A few years ago, George Church was peer-reviewing a paper for the journal Science when he got an idea. The paper’s authors had encoded their names and a string of famous quotes into a bacterial genome to demonstrate the power and possibility of synthetic biology, the design and manufacture of DNA in a lab. Their encoding method was good. But Church, a genetics professor at Harvard Medical School, thought he could do better.
Sitting at his desk, in the space of a few minutes he wrote a computer program that translated his review from Roman letters into binary code and then into genetic code. He submitted the review to the journal’s editor, who couldn’t read it. The document contained only As, Ts, Cs, and Gs, shorthand for the nucleotides in DNA. The editor passed it along to the study’s authors. “At first, they had no idea what it said,” Church says, chuckling.
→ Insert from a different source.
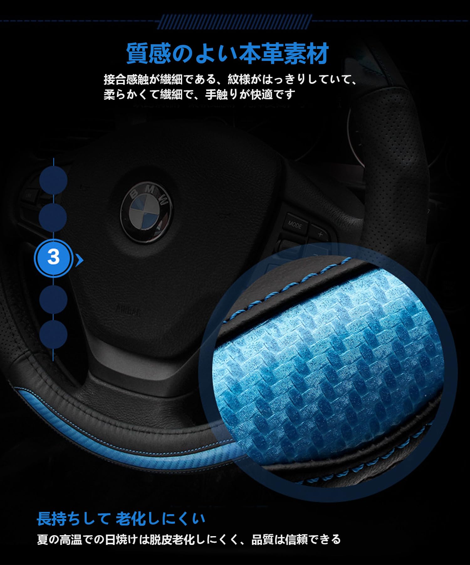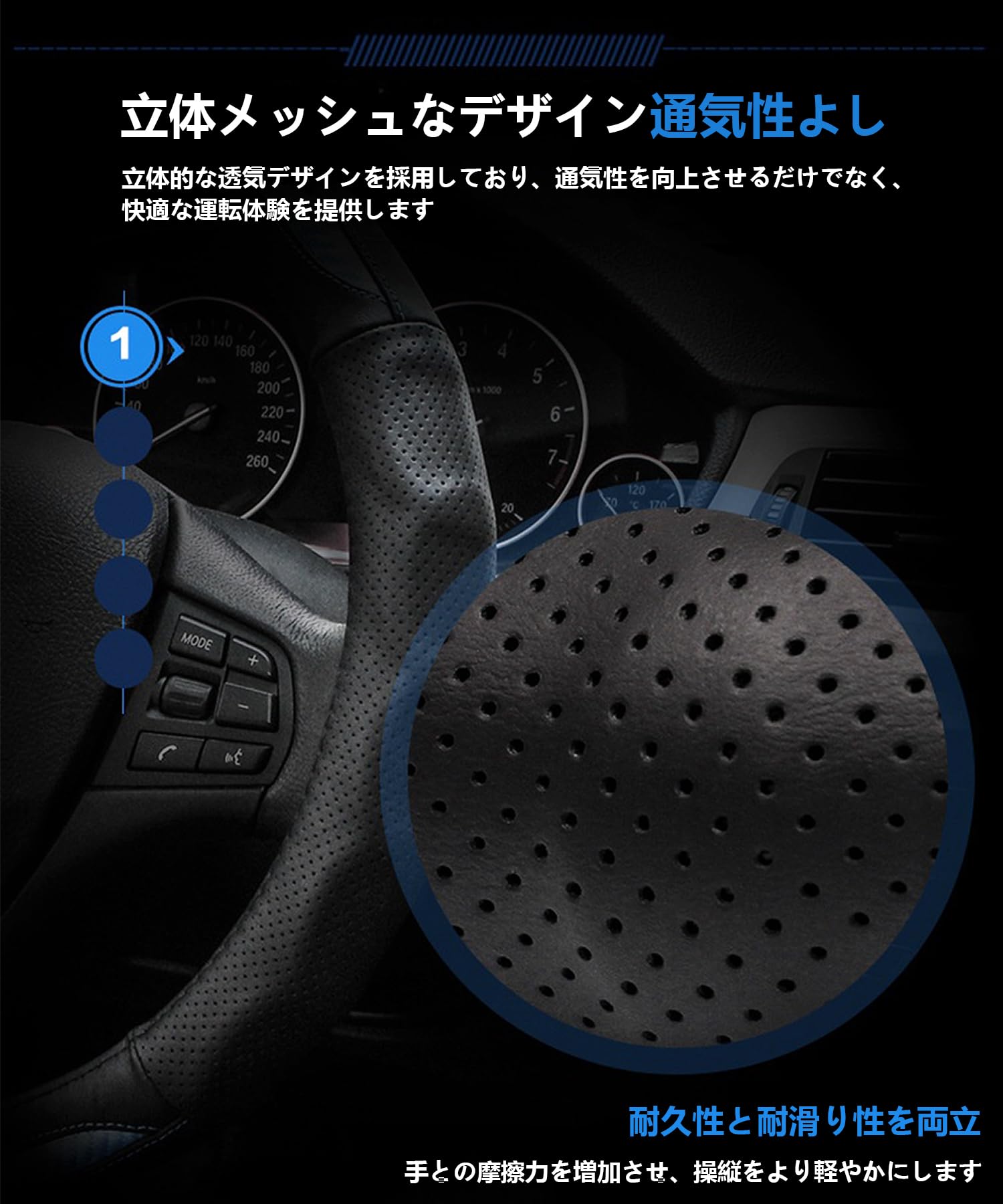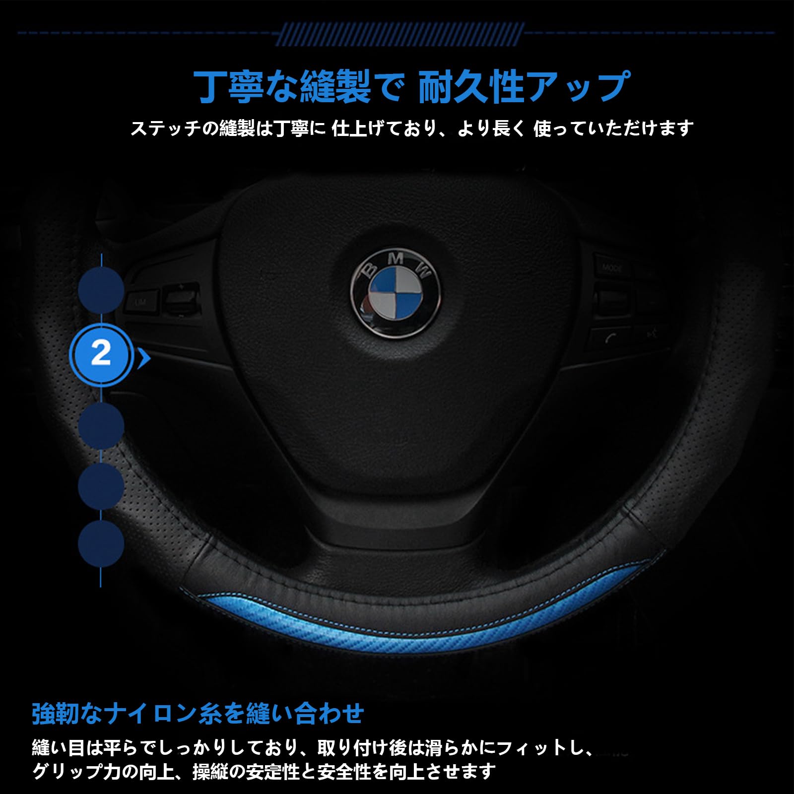 EIING ハンドルカバー 車用 軽自動車 sサイズ 3Dグリップ 滑り止め ステアリングカバー 汎用 おしゃれ 通気性がよい 普通車 ハンドル 保護カバー 高級 内装パーツ 車用品 アクセサリー オールシーズン対応 円形 37~38CM (青)

That should have been the end of it. The paper was published, and the stunt passed quickly into the stock of Church lore, in league with the time he lived for a year on nutrient broth from a lab vendor or the time he wore homemade blinders around the lab to make a statement about tunnel vision.
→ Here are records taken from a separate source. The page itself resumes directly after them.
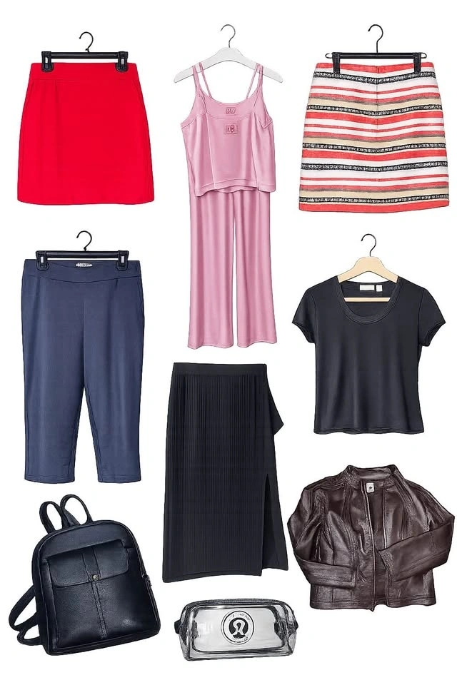 Doing a little closet clean-out and selling some beautiful clothes that deserve more wear. Gently used pieces in excellent condition. Most items were only worn a handful of times. Mostly: Size 12 bottoms, Large tops. Includes a mix of dresses, skirts, skorts, activewear, casual tops, a few layering pieces, bags, wallet, and leather jacket. Everything is clean, well kept, and from a smoke-free home. Great chance to grab some stylish pieces for less.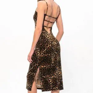 Vintage 2000s Leopard Dress Size: 1/2/4 ( due to the stretch of material it could fit all the way up to size 5) Condition: 10/10 Flawless beautiful 2000s soft toned dress that you can be dress up with a pair of heels or dressed down with a pair of sneakers! Either way this one of kind dress hugs you in all the right places showing off your silhouette. Model: 5''7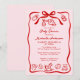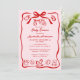Chá de fraldas branco vermelho e rosa com ilustrações lúdicas de rabiscos, perfeito para uma celebração temática de uma menina. Apresentando uma vibrante borda desenhada à mão e arco com ícones de bebês como uma garrafa, pacificador, ursinho de pelúcia e cavalo de balanço, esta fofa design combina a arte moderna do escribble com elementos clássicos de bebê. O fundo cor-de-rosa contrasta maravilhosamente com a ousada linhagem vermelha e os sotaques, enquanto o quadro ondulado, solto, adiciona um sentimento diverso e casual ideal para encontros alegres. Na moda mix de fontes manuscritas dá ao layout um tom pessoal e alegre. Este convite de chá de fraldas feminino é ideal para celebrar uma futura mãe com uma estética doce e desenhada à mão que está em plena tendência com o popular estilo design de rabisco. Disponível como placas impressas ou um download digital instantâneo.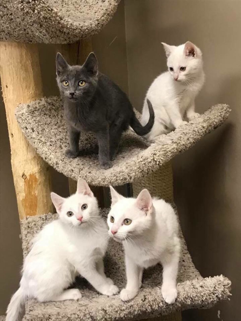 Here Kitty Kitty Rescue in Elkhart, Indiana was contacted about the four feline brothers. There were three white ones and a gray one.

But Church wasn’t done. He wanted to see how far he could take his computer program, so he began looking for something else to code, something larger than a single review. He settled on his own book, Regenesis, which was about to be published. He spent a few days adapting the program he’d written and converted all 350 pages of text and photos into a string of As, Ts, Gs, and Cs. In the lab, he synthesized a strand of DNA to match the code, replicated it many times over, and dabbed a drop of the synthetic DNA onto a scrap of paper. The dot contained 70 billion copies of the book. It was no bigger than a period.
A few months later, Church took his experiment with him on The Colbert Report, pulling out the paper scrap–about the size and shape of a fortune cookie slip–for the world to see. Before he knew it, representatives of several companies tasked with archiving films and recordings were knocking on his office door.
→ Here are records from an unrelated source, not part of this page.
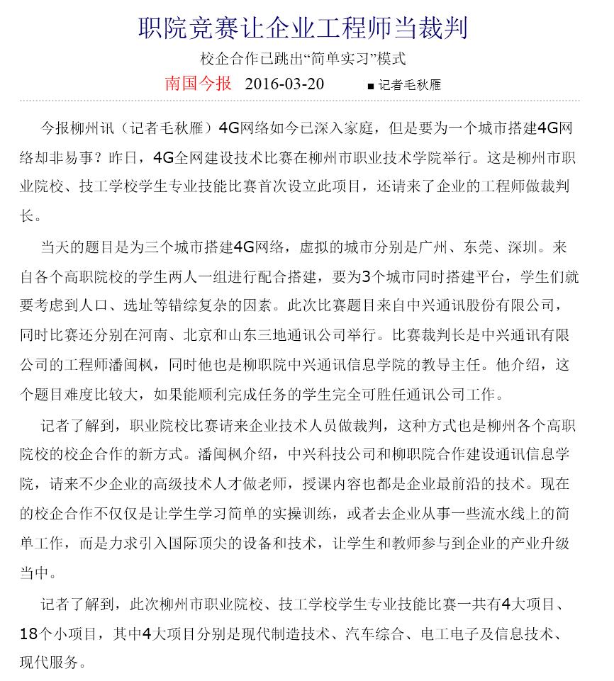 2016年3月20日,南国今报在第2版,以“职院竞赛让企业工程师当裁判”为题,刊发我院承办2016柳州市职业院校(高职组)技能竞赛4个赛项的新闻。(截图:石玉丹)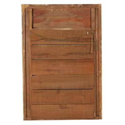 the frieze with a ribbon-tied wreath and garlands above the rectangular mirror plate, in a ribbon-moulded slip and green painted outer frame
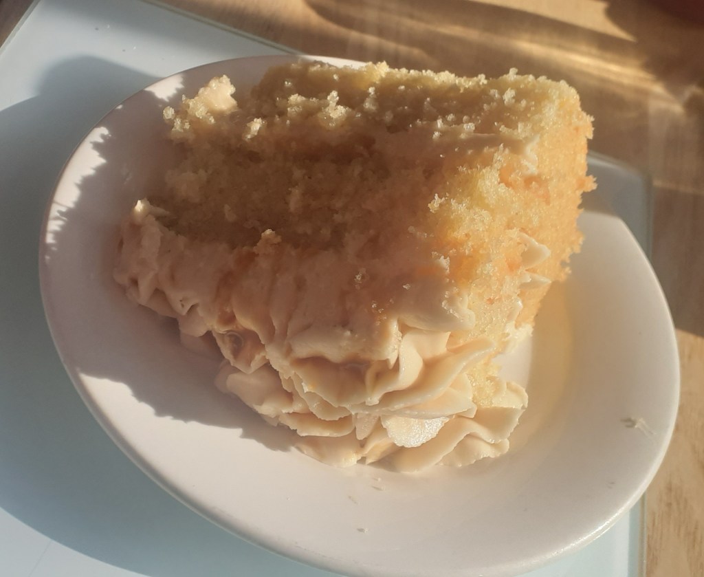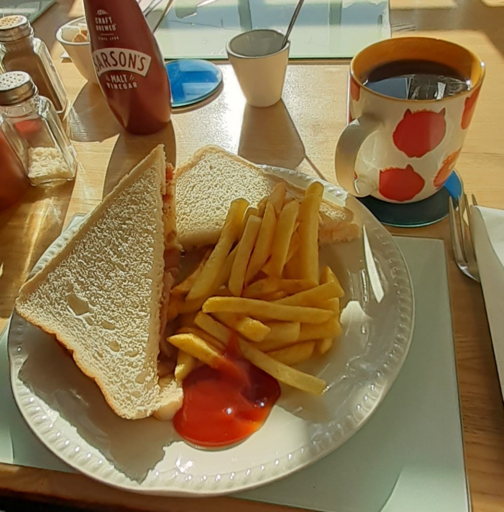 I got a ride down to the village on the little local bus – it took me a couple of attempts to get up the minibus steps but I got there in the end – collected some meds from the chemist, then mooched (or rather click-clacked, thanks to my crutches) across the road to the café Cath and Mike’s. At this time of year nearly everyone visiting is a local, and it has the feel of a village hub, where everyone knows everyone else, and conversations move from table to table as various people join in. It’s all very congenial, and if the bacon sarnie was a bit transport caff (sliced bread, slightly soggy bacon), it was more than made up for by an excellent bit of cake: light and fluffy, with lots of tasty buttercream.

“They said, ‘We want to do data storage,’ ” Church tells me. “I said, ‘You guys realize this is super academic, right? There’s no company or anything.’ And they said ‘Yeah sure, but data storage is a big problem.’ ”
With that, his parlor trick sprouted into a business. Members of Church’s lab are now scaling up the process in order to encode just about any form of media into DNA. If they succeed, they will have not only revolutionized data storage but ushered in what is perhaps biology’s most exciting era: the era when our capacity to manipulate the basic code of life dwarfs the capacity of even our most advanced computers.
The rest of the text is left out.